The standing order is for college and other loans from a number of years ago.


----------



## Importer (15 Mar 2013)

So you've given us your net income and you have given us your monthly outgoings, which leaves us a surplus of 1241 and each month you run a deficit of 500. By my reckoning there's still 1741 of outgoings unaccounted for ??


----------



## Dermot (15 Mar 2013)

Monthly	Weekly

Wage 1	2973.76	
Wage 2	2388	 597

Wage 2 Is the 597 the weekly wage because if it is you have another 2388 of an income. If it is the monthly income there is no need to change your post. 
Where I am coming from there are 52 weeks in the year. 12 * 4 is only 48. In your post you are multiplying a weeks wages by 4 to give a months wages as in 597*4 =2388. Your post is pretty well laid out otherwise.


----------



## Greta (15 Mar 2013)

How about giving yourself and your wife weekly spending money in cash, a set amount, and sticking with it? No credit cards, no debit cards, just live on, say, 250 euros per week in cash between the two of you, in addition to all the dd bills you listed. And also start an emergencies/big expenses fund, as a separate bank account, so you budget for big expenses (annual insurance renewals, car repairs, holidays etc) in advance.


----------



## neonman (15 Mar 2013)

Dermot said:


> Monthly	Weekly
> 
> Wage 1	2973.76
> Wage 2	2388	 597
> ...



Yes wage 2 is weekly of 597, can be a little more 610-620.


----------



## neonman (15 Mar 2013)

Our problem is that we can't seem to get our heads above water.  We are 500 in the red then then next weekly wage comes in (Friday's) 500+ and before you know it we are heading back towards -500 as a DD might come out like it did today.

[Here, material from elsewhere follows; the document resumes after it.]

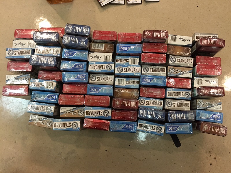 The garbage bag the man was carrying was full of cigarettes stolen from the cigarette machine and 40 bottles of alcohol were found in boxes stashed in a shopping cart outside the pub, police say.

Would going Interest only on the mortgage for a couple of months be a good idea that way we can get out of this rut and have some cash in our bank account.

We are keeping a running total at the moment of what we spend using mobile apps so we can get a better idea of where the money is going.


----------



## Dermot (15 Mar 2013)

You have an after tax income of just over 5400 per month when you include the extra 4 weeks income. You show outgoings of 4120 which covers mortgage, general household bills,travelling to work etc. That leaves about 1300 per month for "other spending". The last thing I would consider would be changing the mortgage repayments. You could price around for cheaper Life cover as alser suggests. You need to look at the 1300pm that you have not accounted for in the post. That is where you need to cut back on discuss with your partner. From the figures quoted you should be actually saving more money.


----------



## 44brendan (15 Mar 2013)

> How about giving yourself and your wife weekly spending money in cash, a set amount, and sticking with it? No credit cards, no debit cards, just live on, say, 250 euros per week in cash between the two of you, in addition to all the dd bills you listed. And also start an emergencies/big expenses fund, as a separate bank account, so you budget for big expenses (annual insurance renewals, car repairs, holidays etc) in advance.


 
This is the key to your problem. There is a significant amount of expenditure not accounted for in your listing. This obviously relates to items like entertainment/clothes/meals out etc! Unless you can control these costs you have no chance of balancing your income/expenditure. With 1 child and a significant amount of surplus income you are in a far better financial position than most! All you need to do is control the unallocated expenditure, allow yourselves a reasonably monthly budget for same and stick to it. This may involve paying for these items in cash. i.e. drawing out a limited cash amount each week and restrict spending to this amount. Unless you apply this type of control you are wasting your time!


----------



## neonman (15 Mar 2013)

I've gone through our bank account a few times now and have accounted for all the DDs/SOs.  As you said I'll have to look at where the rest of the money is going.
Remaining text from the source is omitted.